The blended net profit margin for the benchmark index in the third quarter of 2025 is 12.8%. That’s level from last quarter, but well above the five-year average of 12.1%.
It’s also the sixth consecutive quarter that the S&P 500 is reporting a net profit margin above its five-year average.
At the sector level, financials (19.9% vs. 18%) and utilities (16.7% vs. 14.8%) are leading in year-over-year increases in net profit margin.

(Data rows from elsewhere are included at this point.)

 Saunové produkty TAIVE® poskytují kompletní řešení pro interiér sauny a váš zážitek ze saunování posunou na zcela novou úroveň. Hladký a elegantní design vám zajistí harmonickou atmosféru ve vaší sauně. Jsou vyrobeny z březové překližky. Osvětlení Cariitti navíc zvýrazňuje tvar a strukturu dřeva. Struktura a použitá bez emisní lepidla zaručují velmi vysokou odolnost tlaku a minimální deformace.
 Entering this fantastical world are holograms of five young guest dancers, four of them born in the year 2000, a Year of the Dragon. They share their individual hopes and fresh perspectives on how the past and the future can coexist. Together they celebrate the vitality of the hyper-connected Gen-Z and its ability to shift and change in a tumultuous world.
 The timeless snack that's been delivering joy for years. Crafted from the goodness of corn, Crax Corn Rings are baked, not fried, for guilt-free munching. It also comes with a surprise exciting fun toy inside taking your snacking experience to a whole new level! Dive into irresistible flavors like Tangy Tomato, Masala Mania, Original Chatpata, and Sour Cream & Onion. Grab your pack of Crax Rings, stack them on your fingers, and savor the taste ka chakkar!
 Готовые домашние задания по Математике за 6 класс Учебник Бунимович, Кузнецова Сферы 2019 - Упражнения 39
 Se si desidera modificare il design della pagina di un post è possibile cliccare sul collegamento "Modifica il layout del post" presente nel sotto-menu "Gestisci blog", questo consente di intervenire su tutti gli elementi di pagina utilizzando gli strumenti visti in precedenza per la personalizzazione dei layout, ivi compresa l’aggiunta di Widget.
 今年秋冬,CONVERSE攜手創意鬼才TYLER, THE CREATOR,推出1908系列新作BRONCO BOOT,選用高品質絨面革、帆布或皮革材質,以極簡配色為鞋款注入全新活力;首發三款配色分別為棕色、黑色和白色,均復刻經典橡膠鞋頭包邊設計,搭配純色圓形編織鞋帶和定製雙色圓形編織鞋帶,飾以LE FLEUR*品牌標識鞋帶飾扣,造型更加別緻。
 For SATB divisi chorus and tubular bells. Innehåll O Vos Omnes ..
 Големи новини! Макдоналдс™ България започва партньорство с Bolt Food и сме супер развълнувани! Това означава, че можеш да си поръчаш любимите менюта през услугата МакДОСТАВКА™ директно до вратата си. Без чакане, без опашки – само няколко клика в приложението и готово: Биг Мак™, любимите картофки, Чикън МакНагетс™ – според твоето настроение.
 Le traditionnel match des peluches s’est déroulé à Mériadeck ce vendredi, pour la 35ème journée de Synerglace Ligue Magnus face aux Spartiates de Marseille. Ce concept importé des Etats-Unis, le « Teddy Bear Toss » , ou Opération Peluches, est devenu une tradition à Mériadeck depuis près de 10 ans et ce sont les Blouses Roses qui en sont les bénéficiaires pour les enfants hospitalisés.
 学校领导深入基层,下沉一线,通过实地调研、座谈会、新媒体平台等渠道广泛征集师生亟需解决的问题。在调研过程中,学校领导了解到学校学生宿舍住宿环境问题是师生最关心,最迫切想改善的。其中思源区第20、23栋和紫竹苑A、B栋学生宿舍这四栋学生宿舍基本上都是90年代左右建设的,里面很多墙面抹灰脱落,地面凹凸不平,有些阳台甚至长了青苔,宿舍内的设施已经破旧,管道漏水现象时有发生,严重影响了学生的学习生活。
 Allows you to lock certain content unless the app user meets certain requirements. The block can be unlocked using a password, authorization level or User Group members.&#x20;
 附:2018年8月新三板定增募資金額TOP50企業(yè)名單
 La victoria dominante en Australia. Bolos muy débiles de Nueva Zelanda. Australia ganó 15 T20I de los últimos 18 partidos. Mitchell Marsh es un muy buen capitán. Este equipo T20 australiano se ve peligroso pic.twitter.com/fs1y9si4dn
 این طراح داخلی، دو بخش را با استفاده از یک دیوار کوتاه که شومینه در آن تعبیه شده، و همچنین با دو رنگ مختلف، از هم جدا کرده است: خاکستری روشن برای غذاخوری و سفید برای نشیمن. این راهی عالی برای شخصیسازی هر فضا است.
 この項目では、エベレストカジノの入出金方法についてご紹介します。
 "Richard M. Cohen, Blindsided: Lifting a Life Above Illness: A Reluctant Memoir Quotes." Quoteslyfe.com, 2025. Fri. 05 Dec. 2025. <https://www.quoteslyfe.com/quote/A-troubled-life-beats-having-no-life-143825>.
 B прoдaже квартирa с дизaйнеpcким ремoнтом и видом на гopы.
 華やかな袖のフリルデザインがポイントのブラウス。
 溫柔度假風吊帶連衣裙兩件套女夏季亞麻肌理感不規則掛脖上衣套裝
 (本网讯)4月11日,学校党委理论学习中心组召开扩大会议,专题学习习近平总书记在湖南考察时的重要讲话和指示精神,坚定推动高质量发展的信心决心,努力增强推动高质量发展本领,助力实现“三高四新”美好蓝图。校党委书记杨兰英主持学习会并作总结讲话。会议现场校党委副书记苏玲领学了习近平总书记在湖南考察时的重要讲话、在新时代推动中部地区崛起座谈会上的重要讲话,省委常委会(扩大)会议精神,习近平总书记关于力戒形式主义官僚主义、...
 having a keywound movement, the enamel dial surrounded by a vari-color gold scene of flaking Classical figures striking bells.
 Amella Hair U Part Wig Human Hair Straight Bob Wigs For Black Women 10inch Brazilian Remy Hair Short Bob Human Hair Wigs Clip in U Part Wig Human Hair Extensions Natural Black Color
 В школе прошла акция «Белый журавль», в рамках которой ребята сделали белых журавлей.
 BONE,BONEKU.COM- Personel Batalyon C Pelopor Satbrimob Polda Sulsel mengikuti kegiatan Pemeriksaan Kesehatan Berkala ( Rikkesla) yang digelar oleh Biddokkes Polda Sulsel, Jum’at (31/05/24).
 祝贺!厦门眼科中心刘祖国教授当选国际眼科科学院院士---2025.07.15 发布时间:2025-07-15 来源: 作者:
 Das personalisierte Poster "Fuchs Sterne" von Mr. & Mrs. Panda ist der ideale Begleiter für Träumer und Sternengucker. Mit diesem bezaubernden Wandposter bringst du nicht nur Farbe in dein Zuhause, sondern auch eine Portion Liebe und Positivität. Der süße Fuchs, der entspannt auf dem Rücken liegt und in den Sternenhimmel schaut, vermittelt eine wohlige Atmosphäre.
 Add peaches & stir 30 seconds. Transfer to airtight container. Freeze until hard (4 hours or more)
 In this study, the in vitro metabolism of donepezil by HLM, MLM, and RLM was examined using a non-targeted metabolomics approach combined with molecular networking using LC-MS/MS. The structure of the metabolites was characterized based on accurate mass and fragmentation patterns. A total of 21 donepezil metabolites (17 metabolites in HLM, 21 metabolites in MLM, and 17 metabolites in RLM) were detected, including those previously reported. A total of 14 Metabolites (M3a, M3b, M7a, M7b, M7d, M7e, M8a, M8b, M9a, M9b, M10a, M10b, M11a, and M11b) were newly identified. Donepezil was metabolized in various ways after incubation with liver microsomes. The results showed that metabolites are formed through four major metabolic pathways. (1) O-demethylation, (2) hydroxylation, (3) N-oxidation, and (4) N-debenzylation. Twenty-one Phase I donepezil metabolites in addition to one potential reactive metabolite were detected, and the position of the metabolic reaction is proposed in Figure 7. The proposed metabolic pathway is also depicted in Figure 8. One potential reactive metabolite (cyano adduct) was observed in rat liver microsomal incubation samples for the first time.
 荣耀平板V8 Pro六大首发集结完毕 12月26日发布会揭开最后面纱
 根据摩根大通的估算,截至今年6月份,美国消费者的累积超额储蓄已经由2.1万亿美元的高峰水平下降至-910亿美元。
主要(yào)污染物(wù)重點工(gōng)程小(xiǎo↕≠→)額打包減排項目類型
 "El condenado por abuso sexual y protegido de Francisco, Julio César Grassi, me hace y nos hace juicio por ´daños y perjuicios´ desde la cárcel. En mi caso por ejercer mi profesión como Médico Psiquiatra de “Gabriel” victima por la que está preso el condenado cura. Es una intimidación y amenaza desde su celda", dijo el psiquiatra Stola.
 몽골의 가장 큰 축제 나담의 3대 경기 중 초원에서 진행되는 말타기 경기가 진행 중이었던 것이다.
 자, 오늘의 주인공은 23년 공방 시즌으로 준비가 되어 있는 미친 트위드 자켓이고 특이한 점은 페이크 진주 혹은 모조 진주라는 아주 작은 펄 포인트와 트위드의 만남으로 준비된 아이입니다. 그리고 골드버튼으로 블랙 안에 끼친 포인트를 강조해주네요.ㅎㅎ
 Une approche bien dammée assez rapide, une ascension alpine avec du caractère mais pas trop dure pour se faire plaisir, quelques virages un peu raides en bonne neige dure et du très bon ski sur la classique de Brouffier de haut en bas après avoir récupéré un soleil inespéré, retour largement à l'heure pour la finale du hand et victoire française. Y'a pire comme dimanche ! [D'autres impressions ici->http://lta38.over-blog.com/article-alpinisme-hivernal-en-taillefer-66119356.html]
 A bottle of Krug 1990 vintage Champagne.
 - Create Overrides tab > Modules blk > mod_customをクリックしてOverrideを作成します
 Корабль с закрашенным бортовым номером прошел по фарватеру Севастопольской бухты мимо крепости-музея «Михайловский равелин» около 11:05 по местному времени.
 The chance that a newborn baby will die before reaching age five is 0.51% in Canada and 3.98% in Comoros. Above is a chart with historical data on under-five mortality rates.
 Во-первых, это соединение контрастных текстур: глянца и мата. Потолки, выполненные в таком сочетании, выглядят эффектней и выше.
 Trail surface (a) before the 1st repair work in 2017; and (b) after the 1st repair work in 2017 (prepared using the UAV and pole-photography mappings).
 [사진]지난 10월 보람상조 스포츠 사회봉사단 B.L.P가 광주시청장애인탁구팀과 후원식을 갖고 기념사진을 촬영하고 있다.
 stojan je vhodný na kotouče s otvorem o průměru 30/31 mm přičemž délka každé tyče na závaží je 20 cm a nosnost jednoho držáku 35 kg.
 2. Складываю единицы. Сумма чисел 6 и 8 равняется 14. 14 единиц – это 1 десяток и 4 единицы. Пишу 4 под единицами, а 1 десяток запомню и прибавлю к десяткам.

Communication services (13.8% vs. 14.8%) and real estate (34.3% vs. 35.2%) are leading in year-over-year declines.
Notably, according to FactSet, analysts project even higher net profit margins for the benchmark into the second quarter of 2026.
Now, let’s get into “bullish” earnings potentials for next week.
“Bullish” Earnings to Watch
These stocks are expected to beat their previous quarter’s earnings per share (EPS), and thus, if those expectations are met or exceeded, they could potentially trade higher.
For this screen, stocks must meet four criteria:
- 10 or more analysts cover the stock.
- The average analyst recommendation is a “Buy.”
- It BEAT analysts’ EPS estimates for the previous quarter.
- The average analyst estimate for the current quarter’s EPS is greater than the previous one.
Here are 10 companies that made this week’s list:
As I mentioned last week, there were significant quarter-over-quarter increases in earnings.
Leading last week’s list was Booking Holdings Inc. (BKNG), with a projected $68.29 increase in its EPS.
It turns out there was a reason for notice, as Booking Holdings reported EPS of $99.50, beating an already high estimate.
As a result, BKNG shot up 1.7% in midday trading the day after its earnings were reported.
So, it’s no shock that leading our list this week is Expedia Group Inc. (EXPE). The online travel company is projected to increase its EPS by more than $4.
Following Booking Holdings’ lead, I see Expedia Group matching or beating EPS expectations next week, which will lead to two things:
- A potential uptick in its stock price.
- An increase in Adam’s Green Zone Power Ratings system in the weeks ahead.
Now, let’s move on to potential “bearish” earnings next week…
“Bearish” Earnings to Watch
For our “bearish” earnings screen, we’re only looking for two things:
- 10 or more analysts must cover the stock.
- The average analyst estimate for the current quarter’s EPS is less than the previous quarter’s.
We want companies that are covered by a sufficiently large group of Wall Street analysts who collectively expect the company to report a quarter-over-quarter decline in earnings.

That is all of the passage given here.